Elastin is the dominant building block of elastic fibers that impart structural integrity and elasticity to a range of important tissues, including the lungs, blood vessels, and skin. The elastic fiber assembly process begins with a coacervation stage where tropoelastin monomers reversibly self-assemble into coacervate aggregates that consist of multiple molecules. In this paper, an atomistically based coarse-grained model of tropoelastin assembly is developed. Using the previously determined atomistic structure of tropoelastin, the precursor molecule to elastic fibers, as the basis for coarse-graining, the atomistic model is mapped to a MARTINI-based coarse-grained framework to account for chemical details of protein–protein interactions, coupled to an elastic network model to stabilize the structure. We find that self-assembly of monomers generates up to ∼70 ​nm of dense aggregates that are distinct at different temperatures, displaying high temperature sensitivity. Resulting assembled structures exhibit a combination of fibrillar and globular substructures within the bulk aggregates. The results suggest that the coalescence of tropoelastin assemblies into higher order structures may be reinforced in the initial stages of coacervation by directed assembly, supporting the experimentally observed presence of heterogeneous cross-linking. Self-assembly of tropoelastin is driven by interactions of specific hydrophobic domains and the reordering of water molecules in the system. Domain pair orientation analysis throughout the self-assembly process at different temperatures suggests coacervation is a driving force to orient domains for heterogeneous downstream cross-linking. The model provides a framework to characterize macromolecular self-assembly for elastin, and the formulation could easily be adapted to similar assembly systems.

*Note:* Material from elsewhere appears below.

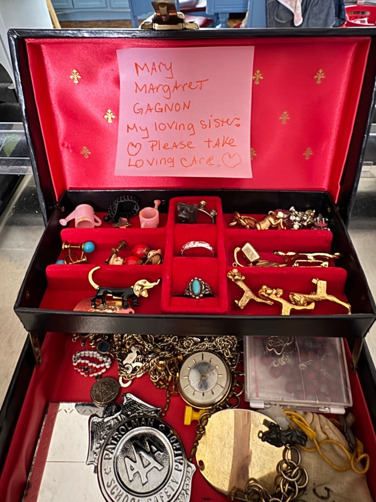 Sister in law gave me my deceased sister’s belongings to me. Another sister had said she wanted them but they were given to me instead. There isn’t any item of value. As we grew Mary and I were always given the same exact item. Dad would get each a bracelet engraved. Mine was silver and Mary’s was gold.

弹性蛋白是弹性纤维的主要组成部分，可赋予一系列重要组织包括肺，血管和皮肤以结构完整性和弹性。弹性纤维组装过程从凝聚阶段开始，在该阶段，原弹性蛋白单体可逆地自组装为凝聚分子，该凝聚体由多个分子组成。本文建立了一个基于原子的原弹性蛋白组装的粗粒度模型。使用先前确定的弹性蛋白的前体分子原弹性蛋白的原子结构作为粗粒度的基础，将原子模型映射到基于MARTINI的粗粒度框架，以解释蛋白质间相互作用的化学细节弹性网络模型来稳定结构。我们发现单体的自组装产生了高达70纳米的致密聚集体，这些聚集体在不同温度下是不同的，显示出高温敏感性。所得的组装结构在散装骨料中表现出原纤维状和球形亚结构的组合。结果表明，在凝聚的最初阶段，通过定向组装可以增强原弹性蛋白组装体向高级结构的聚结，从而支持了实验观察到的异质交联的存在。原弹性蛋白的自组装由特定疏水域的相互作用和系统中水分子的重排驱动。在不同温度下整个自组装过程中的畴对取向分析表明，凝聚是使畴取向以进行异质下游交联的驱动力。该模型提供了表征弹性蛋白大分子自组装的框架，并且该制剂可以轻松地适应类似的组装系统。